Making a Case for Technical and Vocational Education and Training in Africa’s Education Debate

By Lebogang Mokwena

This is the first installment in a series of articles on technical and vocational education and training in Africa.

 

World Bank,Namibia 2007.

Students at he Windhoek Vocational Training Centre in Khomasdal learn how to repair an engine. Photo credit: World Bank Photo Collection / Foter / CC BY-NC-ND

Across the African continent, much of the debate concerning education and its reform has revolved around ensuring universal primary access. With this emphasis, as well as the growing prominence of knowledge economies, universal primary access to education coupled with the strengthening of higher education systems, have largely crowded out conversations about technical, vocational, and occupationally-directed education and training.

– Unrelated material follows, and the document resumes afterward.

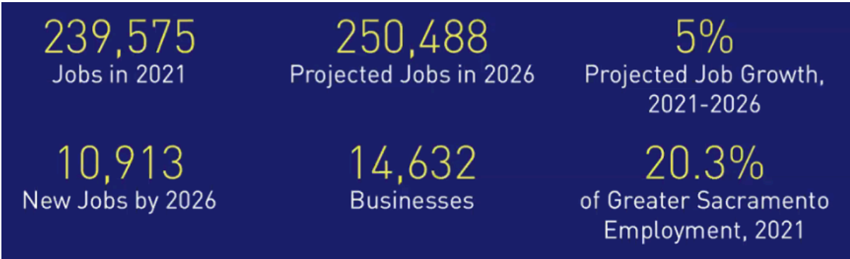
Figure 1.1 Sector Highlights

According to her findings, the HCT sector had around 240,000 jobs in 2021. The job market is expected to grow by 5% from 2021 to 2026, leading to an estimated addition of nearly 11,000 jobs by 2026 (figure 1.1). Benzing highlighted that the HCT sector represents about 20% of Greater Sacramento's total employment, underlining its importance as a major industry in the region's economy.

Technical and vocational education and training (TVET) has, in many parts of the continent, suffered from the unfortunate colonial legacy, which relegated many Africans to low-ranking manual labor while settler populations benefitted from largely non-manual and invariably better paying jobs in the formal economy. With this negative association of TVET, coupled with a global convergence on boosting primary schooling enrollments, few African countries have historically placed technical and vocational education and training at the center of their national education systems.

However, one of the lessons learned in the wake of the recent global economic crisis has been the close association between economic resilience and robust TVET systems. With countries like Germany, Austria, and Switzerland with robust technical and vocational sectors exhibiting higher levels of resilience to the crisis, new questions have emerged about the fundamentals for sustainable economies, and most pertinent for our discussion, about pursuing educational diversification.

At the international policy level, the post-2015 Education for All agenda seems set to encourage the expansion and diversification of education systems with a sharper focus on post-basic and tertiary education provisioning, life-long learning and, most importantly, skills for work and life. This includes, among other things, formal and non-formal TVET that is relevant to national and global labor markets. This is a welcome reprioritizing and one that bodes well for rethinking, indeed for mainstreaming TVET within, various countries’ education systems in Africa.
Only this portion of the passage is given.